Dicle Üniversitesi'ndeki olaylar için kim ne dedi
Olayla ilgili gelişmeleri sıcağı sıcağına aktarmaya çalışan Islah Haber, ilgili kesimlerin sözcülerine ulaşarak görüş ve değerlendirmelerini aldı.
13 Yıl Önce Güncellendi
2013-04-10 21:28:21
Dicle Üniversitesi’nde PKK’li öğrencilerin Mustazaf-Der’in bildiri dağıtmasını engellemesi üzerine başlayan olaylar üçüncü gününe girdi.

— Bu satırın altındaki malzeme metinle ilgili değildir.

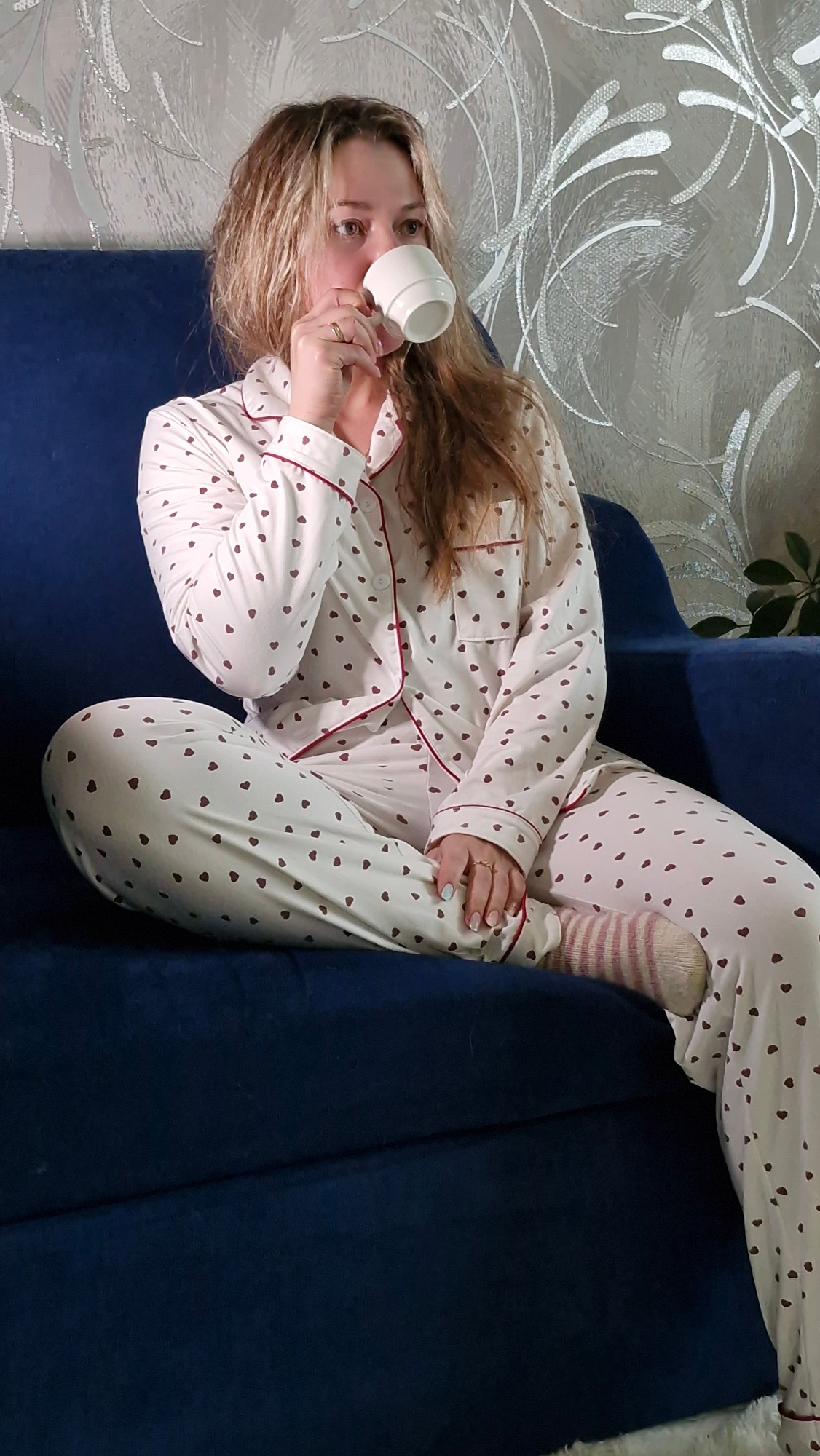 A woman is sitting on a dark blue couch, wearing heart-patterned pajamas and striped socks, and drinking from a white cup. The background features a wall with a silver swirled design and a plant. Theβ¦read more

ÖZGÜR-DER'DEN SAĞDUYU ÇAĞRISI
Şube Başkanı Serdar Bülent Yılmaz tarafından yazılı olarak gerçekleştirilen basın açıklamasında, gelişen olaylarla ilgili yapılan araştırmalar ve şahitlikler üzerinden olayın gelişim seyrine dair kanaatler paylaşıldı.
Geçmişte yaşanan olaylar üzerinden herkesi bir kez daha düşünmeye çağıran Yılmaz, “Her kesimin yaşananları tanımlamak için ortak bir kavram olarak kullandığı ve dikkat çektiği 'provokasyon'a en başta bu kavramın bilincinde olan kişilerin dikkat etmesi gerekmez mi?” diye sordu.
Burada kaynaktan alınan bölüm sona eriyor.